Like the faithful of the Global Methodist Church, it is past time, dear saints, to let the United Methodist Church go: let them go in love, yes, wishing them no harm, wishing them protection from animus and rancor; let them go in prayer, always extending that welcoming invitation “to experience the redemptive grace of Jesus.” And while the divided United Methodist Church goes on its way praising the virtues of diversity and inclusiveness, I hear another chorus—a chorus singing the sweet praises of redemption and holiness and of Him who is “Love divine, all loves excelling, Joy of Heav’n to earth come down!”
My brothers and sisters in Christ, “Do you hear them coming?”

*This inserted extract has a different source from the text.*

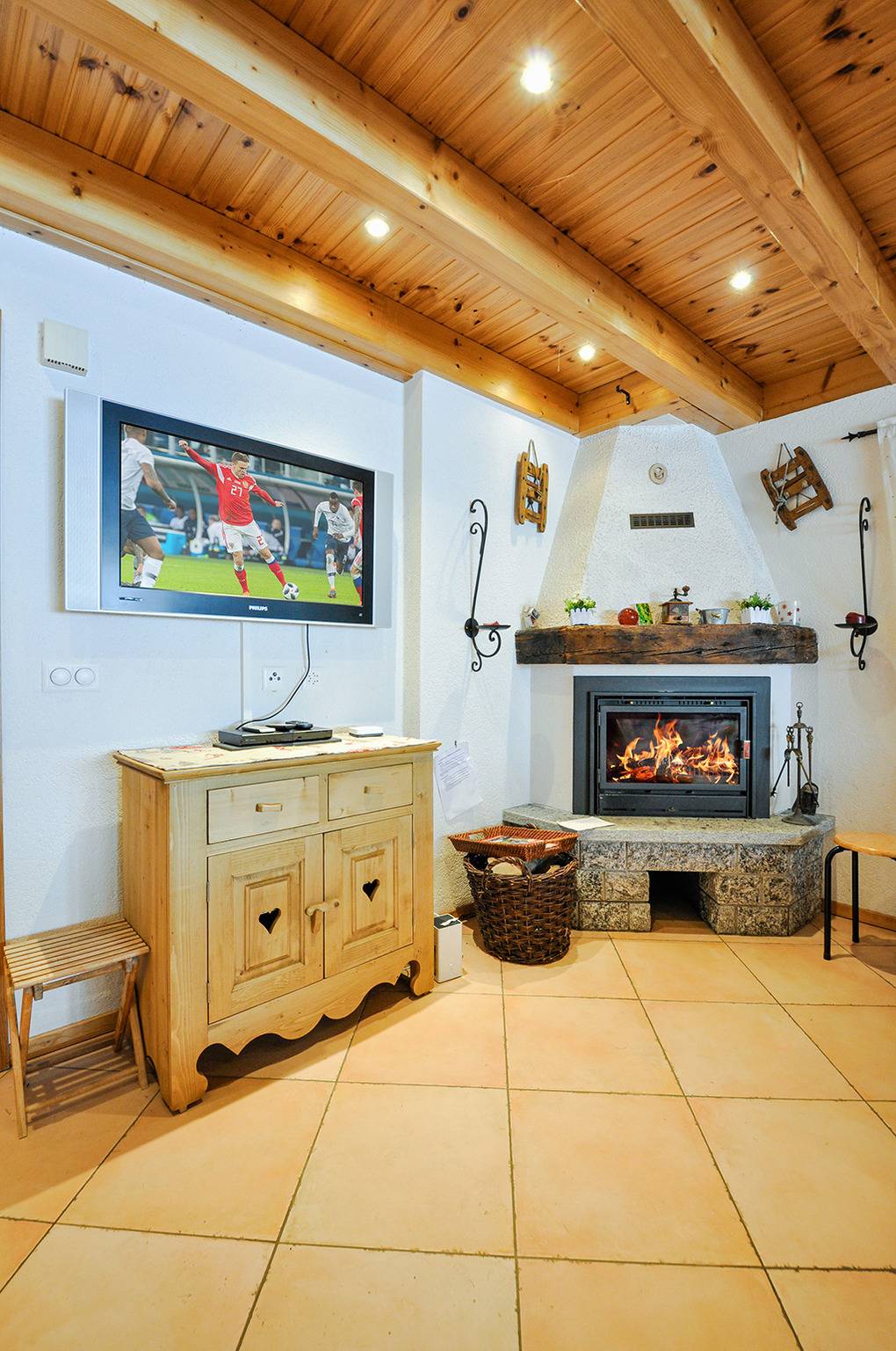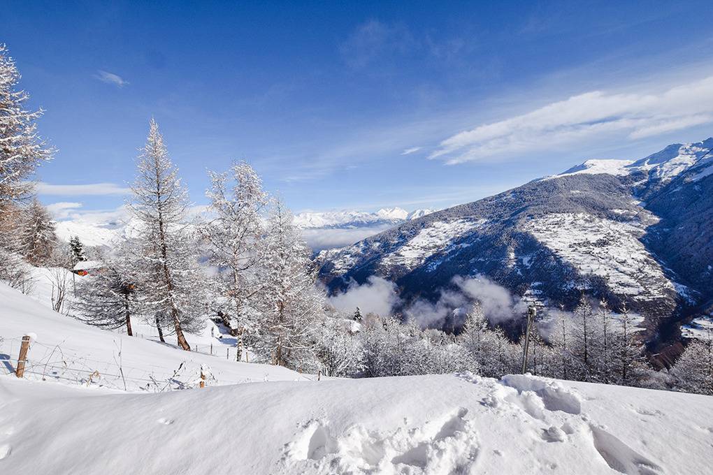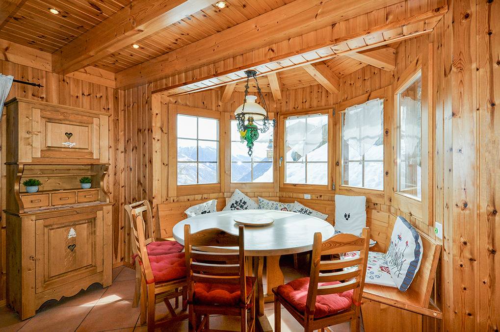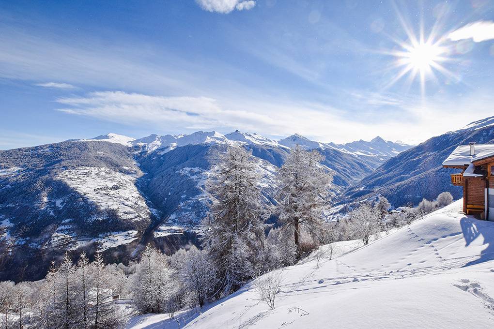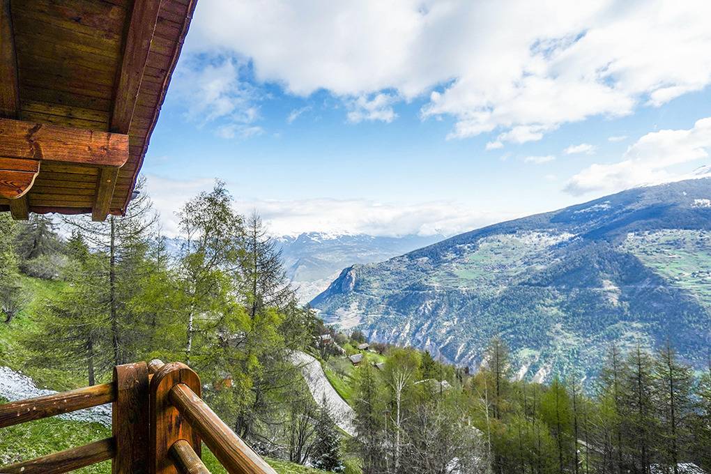 Ort: Les Masses. Ruhige Hanglage in einer Chaletsiedlung am Ortsrand. Ruhige Hanglage mit schönem Berg-Panoramablick auf Dent Blanche (4357 m) und Matterhorn (4478 m). Les Collons mit Geschäften 2,5 km. Zufahrt zum Chalet mit Winterausrüstung bis auf 30 m, danach Treppe abwärts zum Chalet. 1 Pkw-Stellplatz vorhanden.

“Do you hear the stirring anthems
Filling all the earth and sky?
'Tis a grand, victorious army,
Lift its banner up on high!”
“Tis a glorious Church without spot or wrinkle,
Washed in the blood of the Lamb.
'Tis a glorious Church, without spot or wrinkle,
Washed in the blood of the Lamb.” (Words & music by R. E. Hudson, 1892)
Thousands of churches have left the United Methodist Church. There will be more. May God continue to bless and lead the emerging Global Methodist Church!
Amen & Amen
The logo for the Global Methodist Church.
“The Church’s One Foundation is Jesus Christ Her Lord!”